Here's how these categories of shorts act usually:
Mark Spiegel is IMHO a Type-III wannabee who is in reality Type-I. I wouldn't be surprised if some of the funds in his 'hedge fund' originated from Type-III shorts though - in exchange for the media noise he is generating.
- "Type I" shorts are the loudest and probably make up 90% of the Twitter noise. They actually have the smallest short position in total.
- "Type II" shorts try to lend credibility to "Type I" shorts.
- "Type III" shorts are the most silent but also the most dangerous ones: not just due the high stake they have, but also due to the asymmetrically large influence they have on sentiment, through their media and financial world contacts.
To me the following looks probable:
At least that's how I imagine the sociology of TSLA shorts - a lot of it is speculation and conjecture though.
- "Type-I" shorts will be forced out of their (often over-leveraged) positions once the price breaks through $390-ish price levels. The 'forcing' will be done by their brokers as their margin levels go negative. That will give a nice little pop to the breakout. (Think TT007 but in inverse.)
- "Type-II" shorts are probably not over-leveraged but they are going to take losses. Q2 financials are technically still looking pretty awful to an old-fashioned accountant, so I can see a fair number of them 'holding' their short positions for the time being. Also, higher price levels should convince them that Tesla is even more overvalued, which is a really bad state of mind to be in, and which can result in pretty bad investment decisions. They'll cover on Q3, or maybe even on early October delivery numbers.
- "Type-III" shorts are possibly in a 'bear trap' already (average SCTY shorting price levels are $240-$260? Then there's 2 years of short interest - their true break-even price might be as low as $200 at this point - and then they missed one of the biggest bull markets of recent memory ...), and they'll be in even more of a trap over $350. They will try everything in their power. I'm genuinely curious what they'll do once the end of quarter mark-to-market window dressing fails before Q3: people will be expecting a positive surprise, so unless something negative happens to Tesla or to the global markets, I just cannot see a significant drop in the share price prior the quarterly report. Once that happens they might be forced by their own investors to cover, and that could be pretty disorganized, because each of the Type-III shorts is probably watching closely what the other big shorts are doing - if one runs for the door the others will try to go through first.
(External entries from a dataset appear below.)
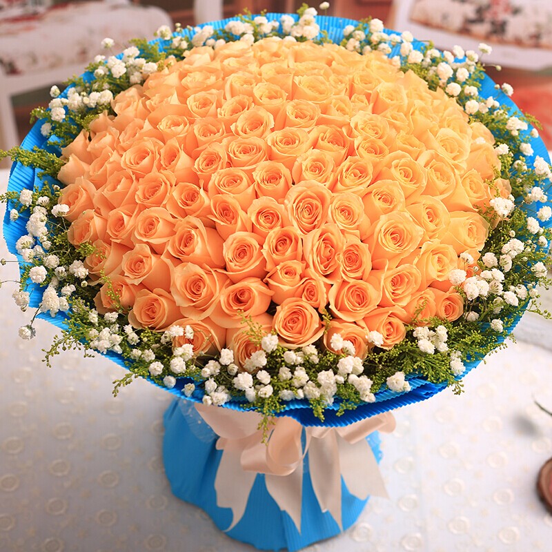 【我要你快乐】精选99朵香槟玫瑰,满天星外围点缀。
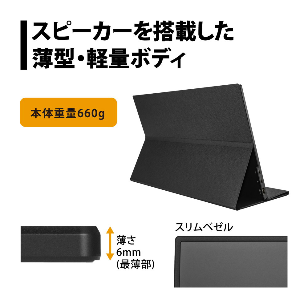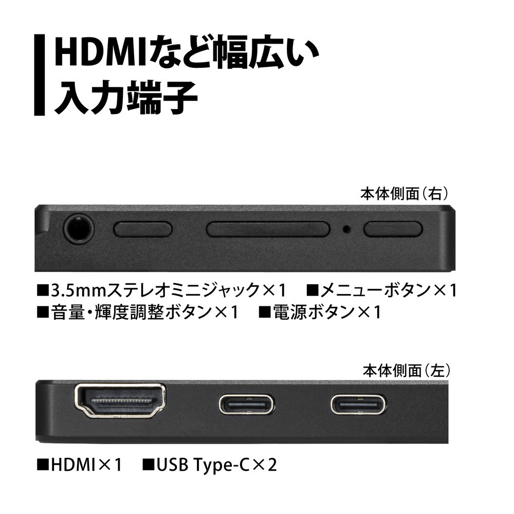 HDMIとUSB Type-C(DisplayPort Alt Mode)に対応したパソコンやスマートフォン等と簡単に接続※が出来るモバイルディスプレイです。15.6型のフルHD(1920x1080)に対応した広視野角IPSパネルを搭載し、斜めからでも鮮明な映像表示を見ることが可能です。薄型・軽量なスリムベゼル設計により携帯性に優れ、外出先やデスクサイドなど様々な場所で簡単にマルチディスプレイを実現します。
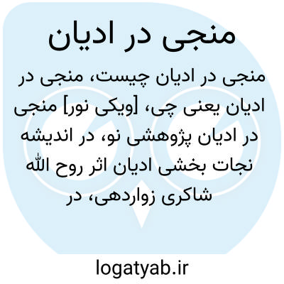 [ویکی نور] منجی در ادیان پژوهشی نو، در اندیشه نجات بخشی ادیان اثر روح الله شاکری زواردهی، در صدد است تا تلاش بشر برای ایجاد یک آینده امیدوارکننده توأم با سعادت و خوش بختی و انتظار یک موعود مصلح مشترک را به تصویر درآورد.
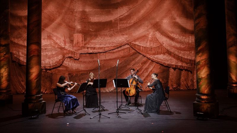 Az Opera Zenekar egy korábbi adásban már játszott balettzenét A ditótörőből, nézőink most Pjotr Iljics Csajkovszkij (1840–1893) egy másik jelentős művéből, A hattyúk tavából hallhattak részleteket. A Pas de deux, A kis hattyúk tánca és a Spanyol tánc Rácz János (fuvola), Rácz Ottó (oboa), Várnai Beáta (klarinét), Polonkai Judit (fagott), Horváth Bence (trombita), Nagy Csaba (trombita), Tóth Gábor (kürt), Gáspár Tamás (kürt), Szabó Sándor (harsona), Fülöp Lajos (harsona) és Vámosi Zoltán (ütőhangszerek) játékában volt hallható. A Francia Múzsa Szezonjának zeneszerzői közül ketten is szerepeltek a műsorban. Erik Satie (1866–1925) Trois Gymnopédies című művét Novák András átiratában Baráth Nóra és Simon Beáta szólaltatták meg angolkürtön és hárfán. Francis Poulenc (1899–1963) Szonáta két klarinétra című kompozíciójának különlegessége, hogy második tételének témája a zenszerző legjelentősebb művében, az intézmény repertoárján is megtalálható A kármelitákban is felcsendül. A szonátát Kiss Sándor és Csongár Péter klarinétművészek előadásában élvezhették a közvetítés nézői. A péntek esti zenei utazást Wolfgang Amadeus Mozart (1756–1791) D-dúr fuvolanégyesének (KV 285) első tétele tette teljessé, amelyet Menyhárt Zsuzsanna (fuvola), Marosné Molnár Zsófia (hegedű), Winkler Zsófia (brácsa) és Gál Béla (cselló) adtak elő.
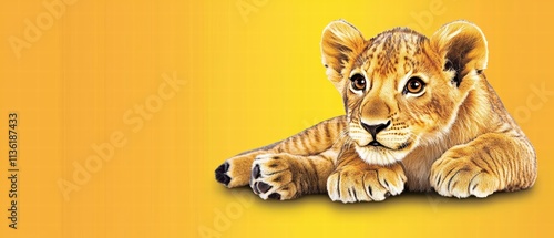© AssanAI.Studio, Obraz premium Cute Lion Cub Relaxing on a Bright Yellow Background
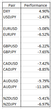 Care to guess what is the best performing major currency in 2018? Chances are you will say that it’s the US Dollar. Although US Dollar is doing pretty well this year, the best performing currency is in fact the Japanese Yen. You can see in the table below that despite the Dollar Index rallying 4.9% as of Dec 27th, the Yen has outperformed the U.S Dollar by 1.43%. We can also see the U.S. Dollar has rallied against all the other major currencies, but the Japanese Yen has rallied even at a greater percentage against the same currency. For example, EURUSD has dropped 5.08%, meaning that U.S Dollar has rallied 5.08% against European Dollar this year. However, EURJPY dropped 6.5%, which means that Japanese Yen has rallied at a greater percentage against the European dollar.
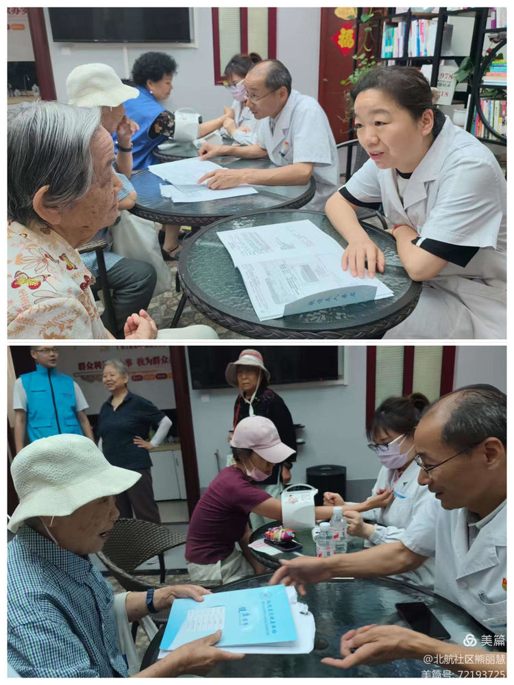 6月26日上午在北航社区居委会活动现场,门诊部冯士生主任等医护人员正为居民测量血压,耐心解答健康疑问“您的血压很稳定,继续保持!”。
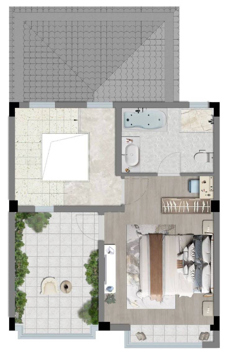 建面约197㎡排屋 三层装修示意图 非交付标准
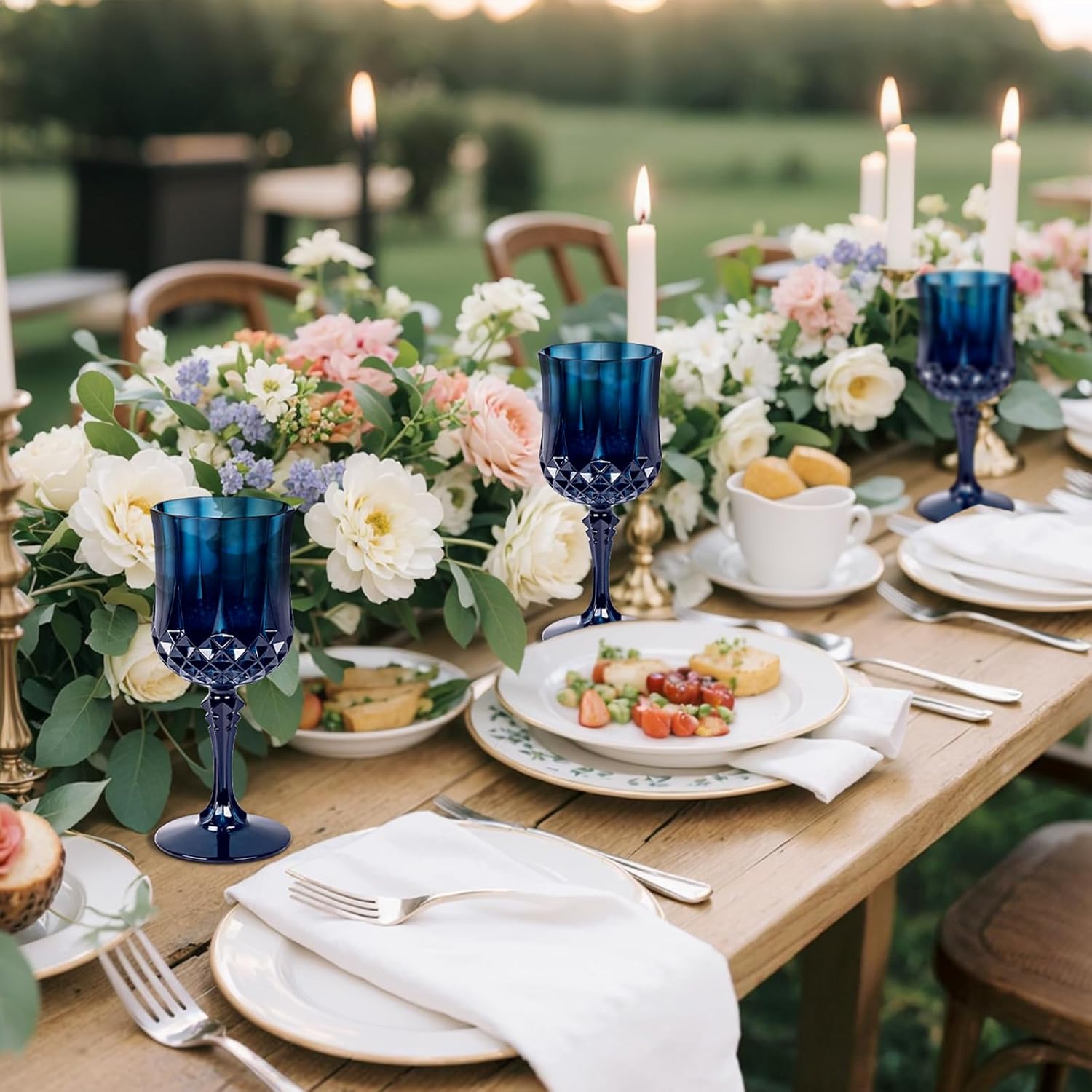 - Multi-occasion use: These 7 Oz blue plastic glasses drinking can be used in various occasions, such as entertainment events, weddings, bars, or casual gatherings. These plastic wine cups blend seamlessly with tableware. Plastic goblet glasses can not only serve as table decorations but also hold wine, beer, cocktails, juice, and so on.

I don't see them having the backing to hold out until Q4 though, unless they are managing their own personal funds, which most of them are not doing I think.
After reading "the Divide" and also Jessy's thesis it makes sense.
The type III shorts will kill and dismember anyone who stops them from making more money so I expect the SP to be vulnerable for a time.
If Tesla can get to self funding then they will run and move to next opportunity to add to the billions they already have.